Shoot-trough states’ insertion not only determines the boost performance but also affects the output harmonic distortion and the switch losses. For the space voltage vectors shown in Figure 6(a), it is being taken as an example that the obtained optimized voltage uopt locates in Zone I and triangle 3, as shown in Figure 6(b).

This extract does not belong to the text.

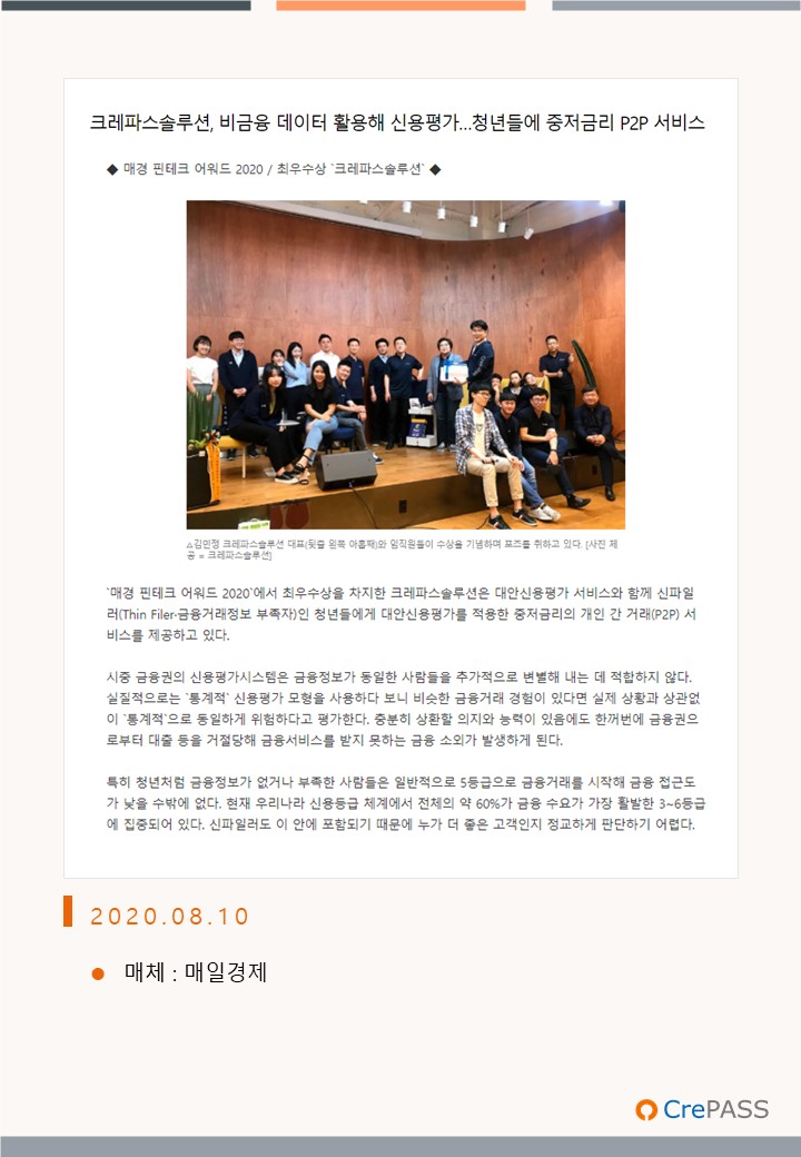 크레파스솔루션, 비금융 데이터 활용해 신용평가...청년들에 중저금리 P2P 서비스

Assume that the initial switch state is “0 −1 −1,” which means SA2, SA3, SB3, SB4, SC3, and SC4 are turned ON:(1)At t = t1, state “0 −1 −1” should be switched to “1 −1 −1” (for phase A, SA is changed from “0” to “1”), and the UST could be inserted in phase A by previously turning on the switch “SA1,” as shown in Figure 7 (SA1, SA2, and SA3 are ON while SA4 are OFF). During this insertion, the switch states for phases B and C remain unchanged, which satisfy the “volt-second” principle.(2)At t = t2, state “1 −1 −1” should be switched to “1 0 −1” (for phase B, SB is changed from “−1” to “0”). If the UST is previously inserted in phase B, the switch state of phase A could be kept as “1,” while the switch state of phase C should be clamped from “−1” to “0,” which means the “volt-second” state would be destroyed so this insertion should be omitted.(3)At t = t3, state “1 0−1” should be switched to “1 0 0” (for phase C, SC is changed from “−1” to “0”). The DST could be inserted in phase C by persistently turning on the switch “SC4,” as shown in Figure 7 (SC2, SC3, and SC4 are ON while SC1 are OFF). During this insertion, the switch states for phases A and B remain unchanged, which satisfy the “volt-second” principle.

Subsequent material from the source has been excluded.